Mr. Maehara’s rebellion

On Monday, Suga Yoshihide, the deputy head of the LDP’s election strategy committee, praised Maehara Seiji, deputy head of the DPJ for his comments about the DPJ’s ability to govern and incoherent policy agenda in a speech in Kawasaki, Kanagawa. Mr. Suga said: “He spoke courageously. If someone like Maehara-san becomes leader, it will become a party that can be trusted and Japan will have a true two large-party system.”

What better way to foment further turmoil by praising Mr. Maehara for his courage? I’ve noted previously that with the LDP in turmoil and the prime minister’s popularity abysmal (but recovering slightly), the government and the LDP have pinned their hopes for a surprisingly strong showing in the next election on a divided DPJ that can be portrayed as incapable of governing.

If Mr. Maehara has any political sense, he would stop his rebellion now, unless, of course, he wants to give comfort to the LDP and deepen the impression that the DPJ is incapable of wielding power. The DPJ, it seems, is powerless to stop the wayward Mr. Maehara. The senior leadership appears willing to tolerate Mr. Maehara’s public trashing of the party even as he serves as one of seven DPJ vice presidents. Indeed, it appears that there is little the party can do to discipline any dissenter, whether Mr. Maehara or the upper house members who voted against the party on road construction earlier this session. If Mr. Maehara is to be restrained, he will have to do it himself — or his peers, the DPJ’s other wakate members, will have to lean on him.

Perhaps they can call attention to the behavior of his fellow young turk/former party leader, Okada Katsuya. Mr. Okada, who took the blow for the party in the 2005 election, is said to want to return to the leadership, but in contrast to Mr. Maehara, he has refrained from public criticism of Mr. Ozawa’s leadership. A telling sign is the title of Mr. Okada’s new (and first) book, Seiken Kotai (Regime Change). While he offers a “reform menu” for a DPJ government, including proposals for administrative reform, social security reform, fiscal reform, and regional decentralization, the title indicates that whatever his policy disagreements with the DPJ’s current leadership, he remains committed to the party’s goal of “regime change.” He still believes that a DPJ-led government, whatever its flaws, would be better than a continuation of LDP rule (which, as we’ve learned this Diet session, means the continuation of zoku rule). It remains to be seen whether Mr.
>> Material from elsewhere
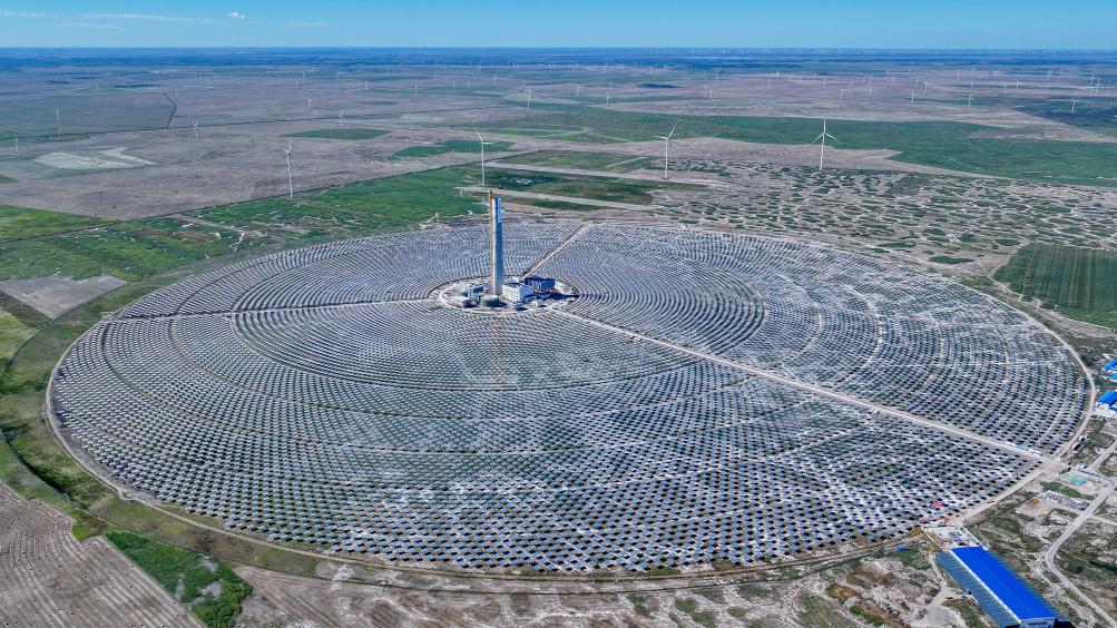 這是位于吉林省大安市的魯固直流100MW熔鹽塔式光熱電站。新華社發

Maehara believes the same.

Indeed, Mainchi, in reporting on Mr. Okada’s new book, contrasts Mr. Okada and Mr. Maehara, noting that Mr. Maehara desperately wants a complete debate on the party’s policies and has indicated that he will stand in the September election if no one else does, while Mr. Okada remains committed to regime change first and has said nothing about running in September. I don’t disagree with Mr. Maehara’s belief that Mr. Ozawa should be reelected uncontested, but there are ways to do that without completely undermining the party.

Incidentally, continuing the discussion in this post, it bears mentioning that the clash between idealism and realism is not just within the party — it is within Mr. Ozawa himself, as I argued here. Mr. Ozawa’s DPJ is politically schizophrenic in part because Mr. Ozawa is politically schizophrenic.